Ehrenbürgerwürde für Rita Süssmuth
Kämpferin - Brückenbauerin - Mutmacherin
Herr Bürgermeister,
verehrte Ehrenbürgerin, liebe Rita Süssmuth,
meine sehr geehrten Damen und Herren,
es ist mir eine Ehre und Freude heute hier sprechen zu dürfen
über eine herausragende Politikerin unseres Landes,
über eine Neusser Mitbürgerin,
und – ich verhehle es nicht – über eine besonders liebe Freundin.
Und an den Anfang stelle ich den Glückwunsch: Herzlichen Glückwunsch zur ganz besonderen Auszeichnung als Ehrenbürgerin unserer Stadt!
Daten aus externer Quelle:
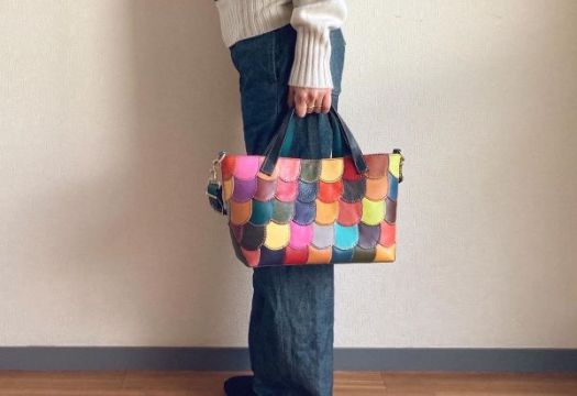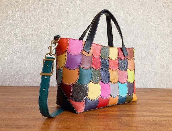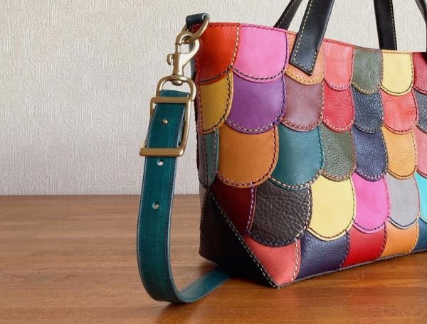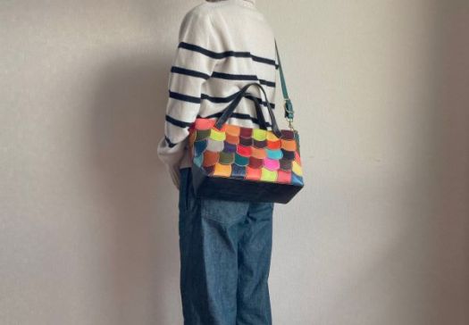 半円状の革で手縫いのパッチワークを全面に施したトートバッグです。ひとピースごとに革と糸の色を変えて仕上げています。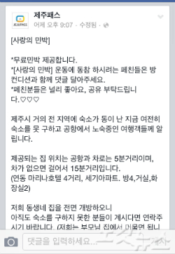 페이스북 제주패스에도 24일 저녁 늦게 '사랑의 민박'이라는 제목의 글이 올라왔다. 이 글은 2,986회 좋아요를 받고, 댓글이 230개가 달렸다.
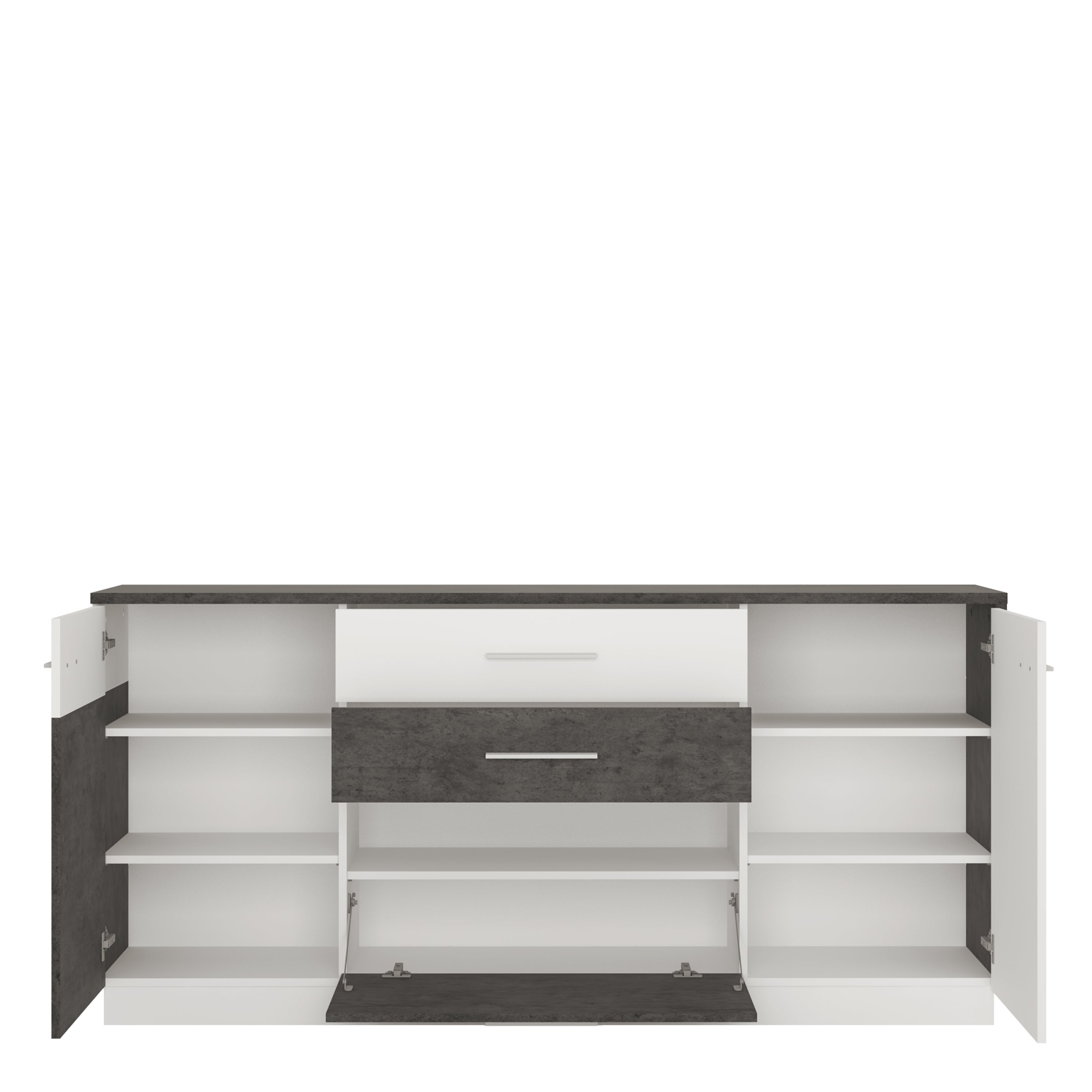 Maximise your storage with the Zingaro 2 Door 2 Drawer 1 Compartment Sideboard, designed to offer extra space and style for your living area. Its extended length includes an additional cupboard, perfect for organising your essentials neatly.

Ich danke dem Rat der Stadt Neuss, der am 16. Dezember 2022, einer gemeinsamen Initiative von Bürgermeister Reiner Breuer und mir folgend beschlossen hat, Rita Süssmuth das Ehrenbürgerrecht zu verleihen. Die Einstimmigkeit dieses Beschlusses zeigt dabei die herausragende Wertschätzung, die Rita Süssmuth in unserer Stadt über alle Parteigrenzen hinweg genießt. Rita Süssmuth ist die erste Ehrenbürgerin der Stadt Neuss. Mit ihr wurde eine kämpferische Anwältin der Frauen gewürdigt – und zugleich wird in der Erstmaligkeit der Verleihung dieser besonderen Würde an eine Frau deutlich, dass die Arbeit an diesem Ziel der Gleichberechtigung von Frauen und Männern keineswegs abgeschlossen ist.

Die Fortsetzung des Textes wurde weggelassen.